Wet oxidation is a form of hydrothermal treatment. It is the oxidation of dissolved or suspended components in water using oxygen as the oxidizer. It is referred to as "Wet Air Oxidation" (WAO) when air is used. The oxidation reactions occur in superheated water at a temperature above the normal boiling point of water (100 °C), but below the critical point (374 °C).

The system must be maintained under pressure to avoid excessive evaporation of water. This is done to control energy consumption due to the latent heat of vaporization. It is also done because liquid water is necessary for most of the oxidation reactions to occur. Compounds oxidize under wet oxidation conditions that would not oxidize under dry conditions at the same temperature and pressure.

Wet oxidation has been used commercially for around 60 years. It is used predominantly for treating wastewater. It is often referred to as Zimpro (from ZIMmerman PROcess), after Fred J. Zimmermann who commercialized it in the mid 20th century.[1]

System Description

Commercial systems typically use a bubble column reactor, where air is bubbled through a vertical column that is liquid full of the hot and pressurized wastewater. Fresh wastewater enters the bottom of the column and oxidized wastewater exits the top. The heat released during the oxidation is used to maintain the operating temperature.

WAO is a liquid phase reaction using dissolved oxygen in water to oxidize wastewater contaminants. The dissolved oxygen is typically supplied using pressurized air, but pure oxygen can also be used. The oxidation reaction generally occurs at moderate temperatures of 150°-320 °C and at pressures from 10 to 220 bar. The process converts organic contaminants to carbon dioxide, water, and biodegradable short chain organic acids. Inorganic constituents such as sulfides and cyanides are converted to non-reactive inorganic compounds.

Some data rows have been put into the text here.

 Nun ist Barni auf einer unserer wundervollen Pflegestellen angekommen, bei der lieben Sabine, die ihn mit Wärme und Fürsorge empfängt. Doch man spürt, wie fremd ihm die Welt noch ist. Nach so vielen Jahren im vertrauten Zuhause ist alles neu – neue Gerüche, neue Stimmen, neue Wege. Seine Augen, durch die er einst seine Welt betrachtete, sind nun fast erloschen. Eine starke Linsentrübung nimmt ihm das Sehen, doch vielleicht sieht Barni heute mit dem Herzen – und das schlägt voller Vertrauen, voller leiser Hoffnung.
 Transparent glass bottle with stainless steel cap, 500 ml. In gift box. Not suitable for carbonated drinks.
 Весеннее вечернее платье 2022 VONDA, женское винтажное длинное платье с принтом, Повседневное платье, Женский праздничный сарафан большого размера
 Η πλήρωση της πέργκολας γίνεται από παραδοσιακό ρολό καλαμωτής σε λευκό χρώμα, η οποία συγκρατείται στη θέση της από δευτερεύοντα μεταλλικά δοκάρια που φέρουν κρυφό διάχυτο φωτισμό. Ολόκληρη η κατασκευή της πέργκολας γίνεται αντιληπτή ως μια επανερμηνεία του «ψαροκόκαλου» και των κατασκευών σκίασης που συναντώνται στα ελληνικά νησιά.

In the WAO reaction, complex organic molecules, including biological refractory compounds, are broken into simpler organic compounds or to a complete mineralized state (CO2, NH3, Cl, SO4−2, PO4−3). Simple organic compounds such as low molecular weight carboxylic acids and mineralized reaction products may be present in the WAO effluents. Because of this, the WAO effluent generally requires post treatment prior to discharge. WAO effluents are typically readily biodegradable and exhibit high values for BOD:COD ratios. Standard treatment techniques such as activated sludge biotreatment are typically used with WAO for complete treatment.[2]

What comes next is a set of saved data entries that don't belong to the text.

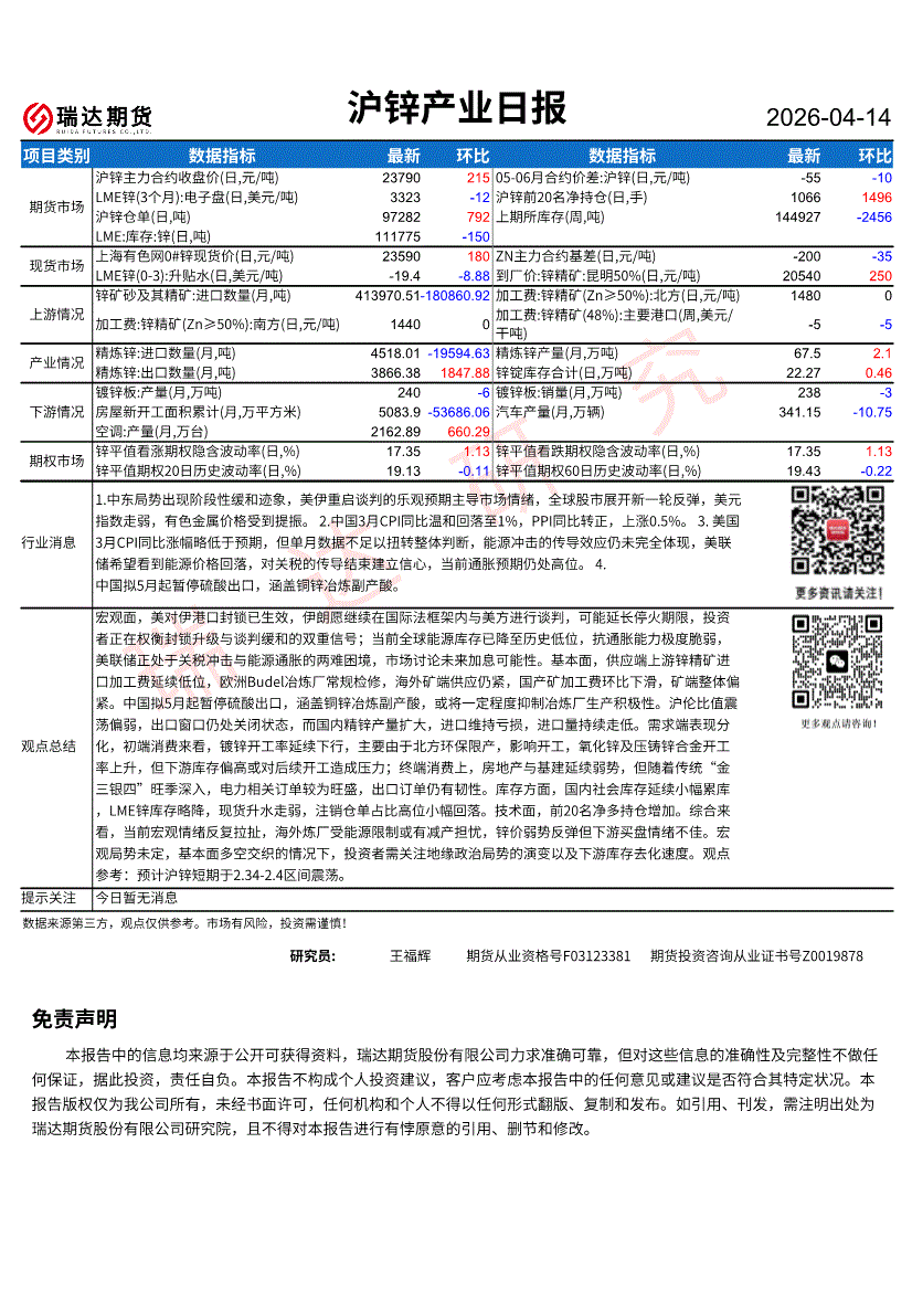 瑞达期货-沪锌市场周报:宏观波动去库尚缓,预计锌价区间震荡-260417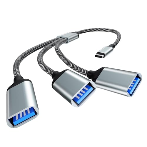 NEUTYPECHIC Câble Répartiteur USB C vers USB A, Adaptateur 3 en 1, Câble OTG USB Type C Mâle vers USB A 2.0 Femelle, avec Fonction de Transfert de Données, pour MacBook/Samsung/Pro/Mini/XPS/PC (Gris)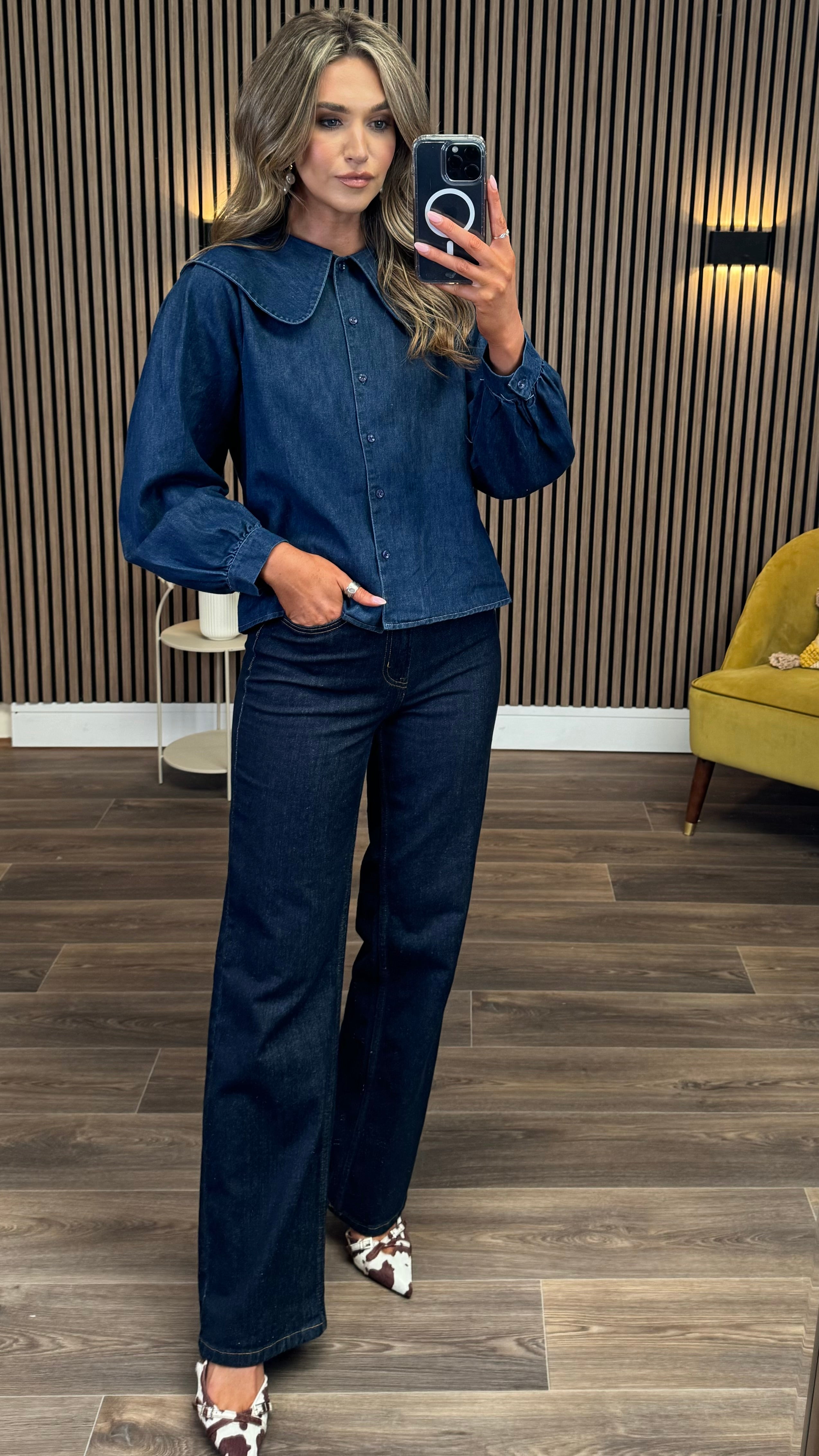 Rock your casual look with our Paisley Dark Denim Collared Long Sleeve Top! This versatile piece brings fun to your wardrobe with its classic collar and rich denim shade. Perfect for mixing and matching with your favourite bottoms. Throw it on and you're ready for anything the day brings!

Catalyst can be used in the WAO system to enhance treatment and achieve a higher COD destruction. Heterogeneous and homogenous catalysts have been used. Heterogeneous catalysts are based on precious metals deposited on a stable substrate. Homogenous catalysts are dissolved transition metals. Several processes, such as Ciba-Geigy, LOPROX, and ATHOS utilize a homogenous catalyst.[3][4] Mixed metal catalysts, such a Ce/Mn, Co/Ce, Ag/Ce, have also been effective in improving the treatment achieved in a WAO system.[5]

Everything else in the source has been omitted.